The problem is, Tom, they don't have any bowls suitable for this tort. They only put in those tanks what they have available in the store. I'd like to buy a bunch of planter dishes and offer it as a gift to all the pet stores that do this!


----------



## Ashley_Sheldon (Nov 30, 2013)

ascott said:


> Ah honey, it is rough when we see this stuff....but lets try to see some other stuff...remember, a tort in a new environment won't generally eat straight off (so lets hope this one has not been here too long)...the pellets (aka; fruity pebbles) are not horrific just the tort likely does not associate them with actual food....from what I can see of his little back leg, he has some meat on him so he should fare alright for a bit...
> 
> Usually the tanks are heated and usually the bulbs are uv rays as well....so he is likely going to be aok in that area....and if he was too cold he would be hunkered down and not looking for a way out, at least as it appears....
> 
> ...



Thanks for making me feel a lot better !




Tom said:


> Speak up. They need to hear it from a multitude of people. The food could be better, but my real problem is that water bowl. They are tortoise death traps. The rest of it I can live with as a quick temporary set up.



Thats what I was thinking ! They have a whole selection of different tortoise bowls that would be WAY better then that one ..




sibi said:


> The problem is, Tom, they don't have any bowls suitable for this tort. They only put in those tanks what they have available in the store. I'd like to buy a bunch of planter dishes and offer it as a gift to all the pet stores that do this!



If want to do that too haha ! But actually , in the reptile isle , there was a few bowls that would be better then that so that makes me more upset that they couldn't put a better one in there 




Tom said:


> Speak up. They need to hear it from a multitude of people. The food could be better, but my real problem is that water bowl. They are tortoise death traps. The rest of it I can live with as a quick temporary set up.



When I was actually at the store , i actually said out loud that i didnt even think he can get in the water dish and some people just like looked at me with kind of an "agreement look" haha


----------



## Jacqui (Nov 30, 2013)

I'd be willing to bet money, that Russian could climb into the waterbowl if it wanted to... and then get out of it. While this setup is not idea in our minds, for a temp setup it works and is better then many Russians out there are currently living in.  I see nothing cruel in that picture, sorry.


----------



## Yvonne G (Nov 30, 2013)

I agree with Jacqui on this. The store is in business to make money and sell things. They can't set up the animals in a habitat like you at home would set him up in. They have space constraints. Also, it makes sense to use the items that they sell in the store to present the animal. They don't plan to keep these animals for any length of time, and keeping that tortoise in a small habitat like that for a week or so really isn't a hardship on the animal.

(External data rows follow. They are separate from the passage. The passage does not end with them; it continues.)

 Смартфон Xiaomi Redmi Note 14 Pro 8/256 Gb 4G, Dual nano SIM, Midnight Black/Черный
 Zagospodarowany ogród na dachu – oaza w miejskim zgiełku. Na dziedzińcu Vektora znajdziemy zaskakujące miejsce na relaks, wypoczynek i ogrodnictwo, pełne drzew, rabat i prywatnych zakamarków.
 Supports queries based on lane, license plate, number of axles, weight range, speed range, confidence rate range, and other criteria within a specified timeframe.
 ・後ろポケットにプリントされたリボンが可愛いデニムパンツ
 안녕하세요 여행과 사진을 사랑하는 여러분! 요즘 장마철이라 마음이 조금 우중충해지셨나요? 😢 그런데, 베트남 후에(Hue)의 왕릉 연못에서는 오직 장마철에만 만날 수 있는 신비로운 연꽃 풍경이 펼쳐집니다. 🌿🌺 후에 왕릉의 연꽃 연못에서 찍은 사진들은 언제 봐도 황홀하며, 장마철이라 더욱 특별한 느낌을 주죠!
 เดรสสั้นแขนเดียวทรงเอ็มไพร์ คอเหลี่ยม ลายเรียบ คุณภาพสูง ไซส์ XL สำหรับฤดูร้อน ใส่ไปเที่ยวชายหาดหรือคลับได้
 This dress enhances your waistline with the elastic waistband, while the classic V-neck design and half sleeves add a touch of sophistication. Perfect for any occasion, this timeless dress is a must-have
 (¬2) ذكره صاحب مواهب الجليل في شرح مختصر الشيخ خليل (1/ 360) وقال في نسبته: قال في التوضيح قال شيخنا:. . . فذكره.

The best thing you can do is print out a good care sheet, run off a few copies, and take them to the store manager, asking him if he would be so kind as to give each buyer of a tortoise one of the care sheets.


----------



## sibi (Nov 30, 2013)

The problem with that is they are giving the buyer the wrong idea on how to keep the tort. A bowl like that can drown a tort if he flips over.


Yvonne G said:


> I agree with Jacqui on this. The store is in business to make money and sell things. They can't set up the animals in a habitat like you at home would set him up in. They have space constraints. Also, it makes sense to use the items that they sell in the store to present the animal. They don't plan to keep these animals for any length of time, and keeping that tortoise in a small habitat like that for a week or so really isn't a hardship on the animal.
> 
> The best thing you can do is print out a good care sheet, run off a few copies, and take them to the store manager, asking him if he would be so kind as to give each buyer of a tortoise one of the care sheets.


----------



## Jacqui (Nov 30, 2013)

sibi said:


> The problem with that is they are giving the buyer the wrong idea on how to keep the tort. A bowl like that can drown a tort if he flips over.



A baby might, but that is an adult tortoise. A WC not doubt who if he was lacking the common sense to get himself out of that bowl IF he would flip over, would have died in the wild a long time ago. 

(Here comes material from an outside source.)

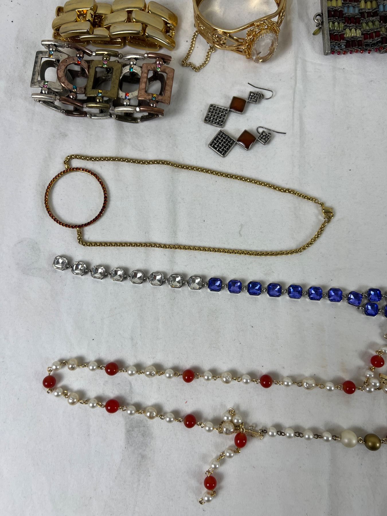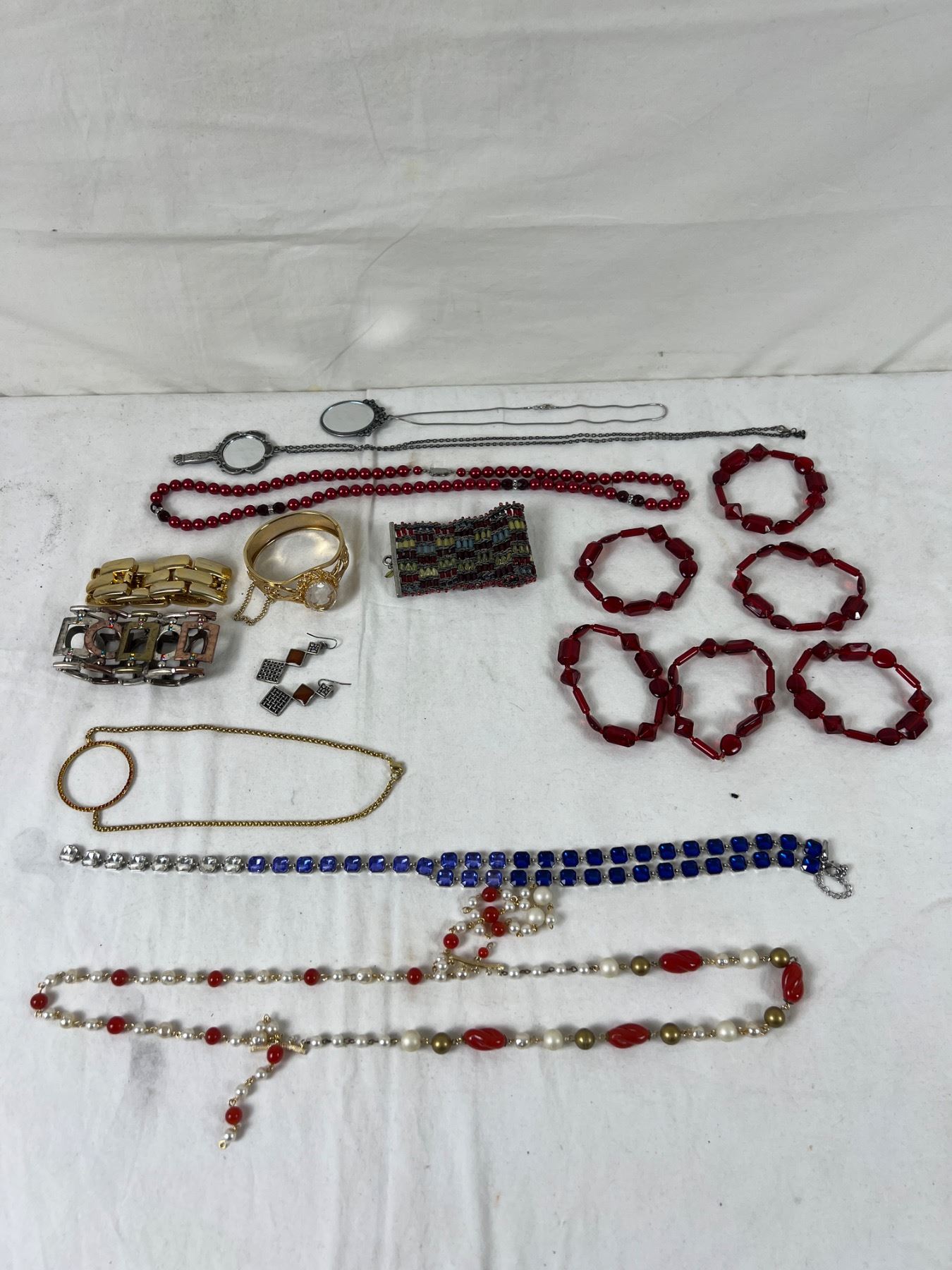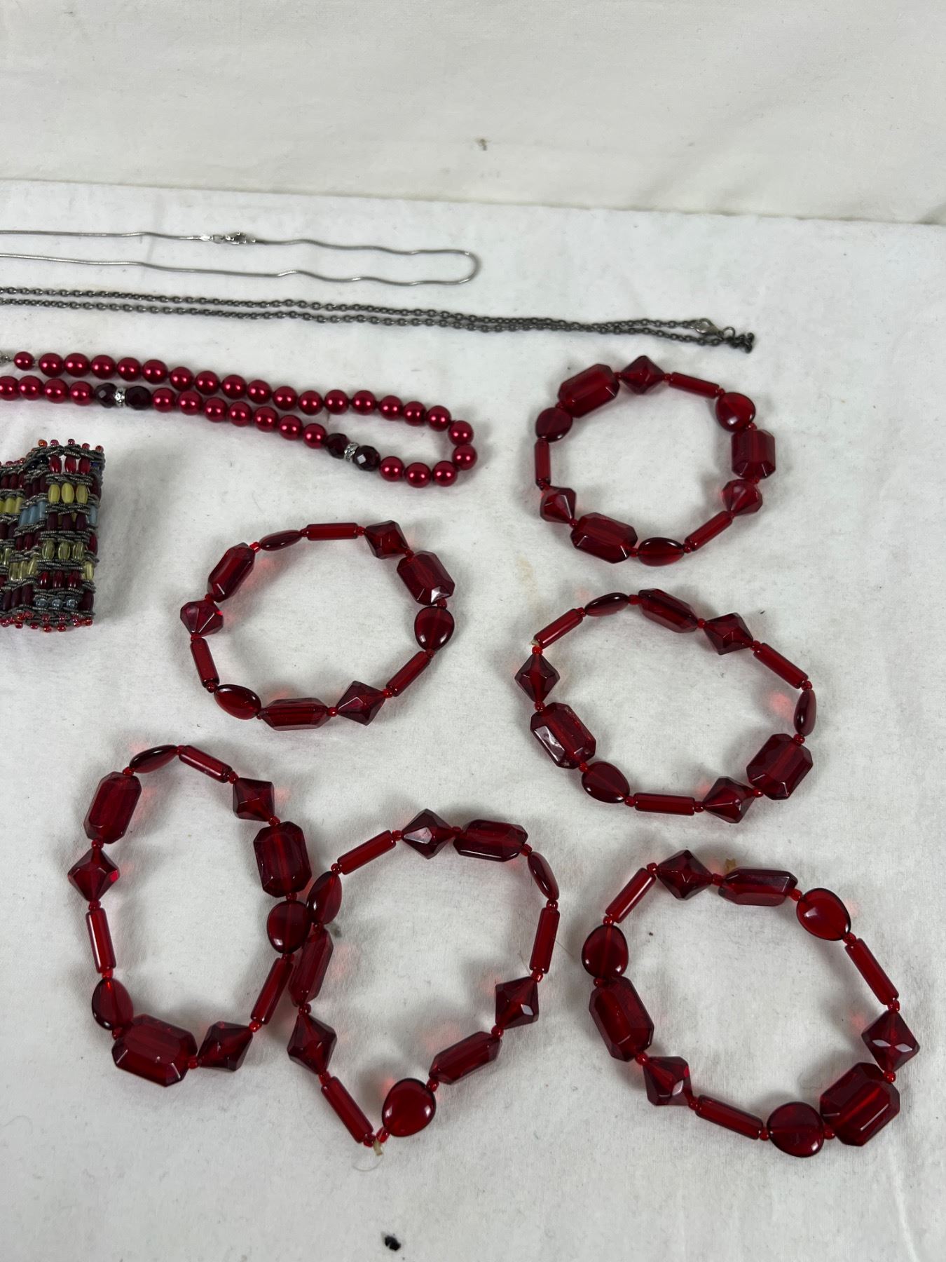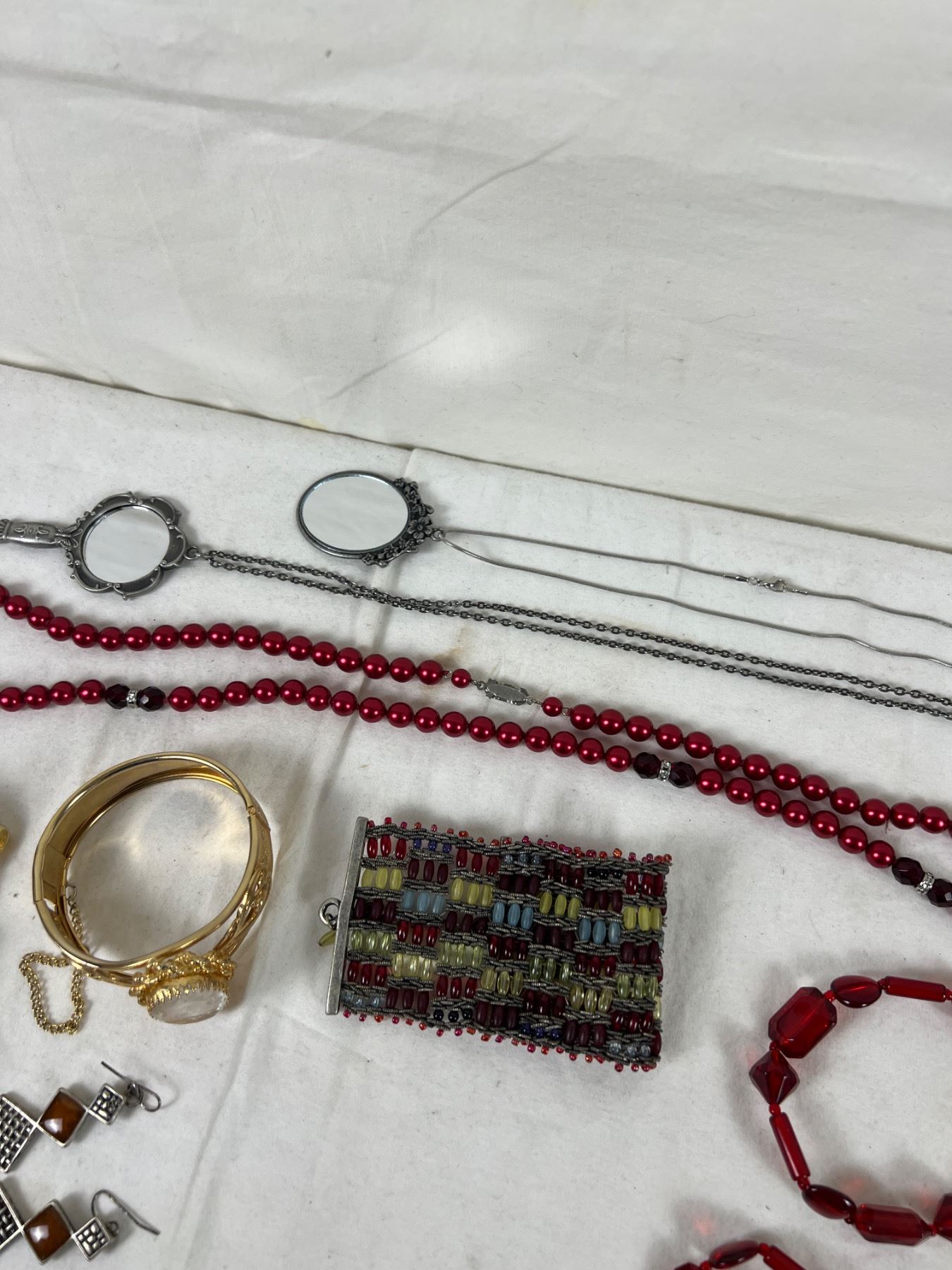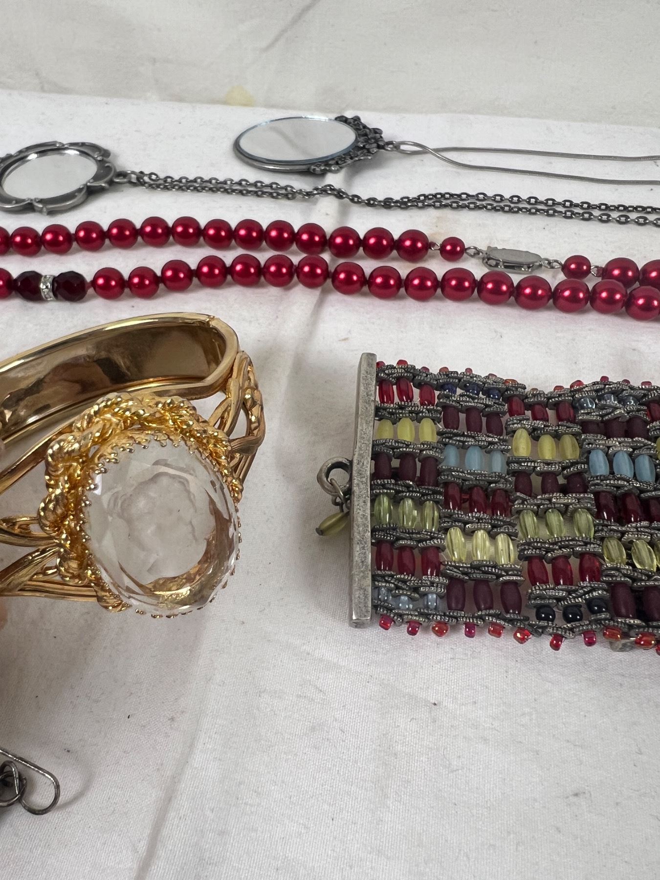 Variety of necklaces and bracelets.

Sibi, a buyer has to take some responsibility to realize that how they look in a pet store is not how they should look at home. That is like saying folks who are selling tortoises on here should not be showing a bunch of hatchlings in a empty tub.







(No, I am not saying that breeders should not be showing their hatchlings in such a fashion, just playing Devil's advocate here).

This would have also been a great time for folks to put up flyers on the boards at these stores and perhaps ads in Craig's list, ect letting folks know about this forum or just you yourself being ready to give them information and help. I know Cowboy Ken has done the Craig's list thing in the past. Get to know the local sales folks and make sure they know your willing to give help. Educate those buyers.


----------



## sibi (Nov 30, 2013)

Agreed. And the tort isn't a baby, but it can still flip in that ki d of a bowl. Yes, the store will try a d sell their products to go along with the tort, but, out of all the different bowls they ha e to offer, this one is one of the most expensive. They aren't concerned with the safety of this tort; they want you to buy their most expensive bowl. That's why they display it in the tank. I'm not against a comps y trying to make a profit; just the ones that don't really care about the health and safety of the animals in their care.


Jacqui said:


> sibi said:
> 
> 
> > The problem with that is they are giving the buyer the wrong idea on how to keep the tort. A bowl like that can drown a tort if he flips over.
> ...


----------



## Sulcata_Sandy (Nov 30, 2013)

Well said, Jacqui.

My problem with Petco and other large stores is they have high turnover and few employees really know much. I was there yesterday, supporting my Hermit crab obsession (50% off!!!) and a customer asked a random sales associate how to stop his dog from pulling. I shoulda put money on it because, sure enough, he instructed the customer to buy a freaking harness. Uh....come ON people!!! What do sled dogs use? Horses and carriages? Not one mention of behavior, basic obedience training, offering their crappy training courses, just hand him a basic harness and walked away. Super.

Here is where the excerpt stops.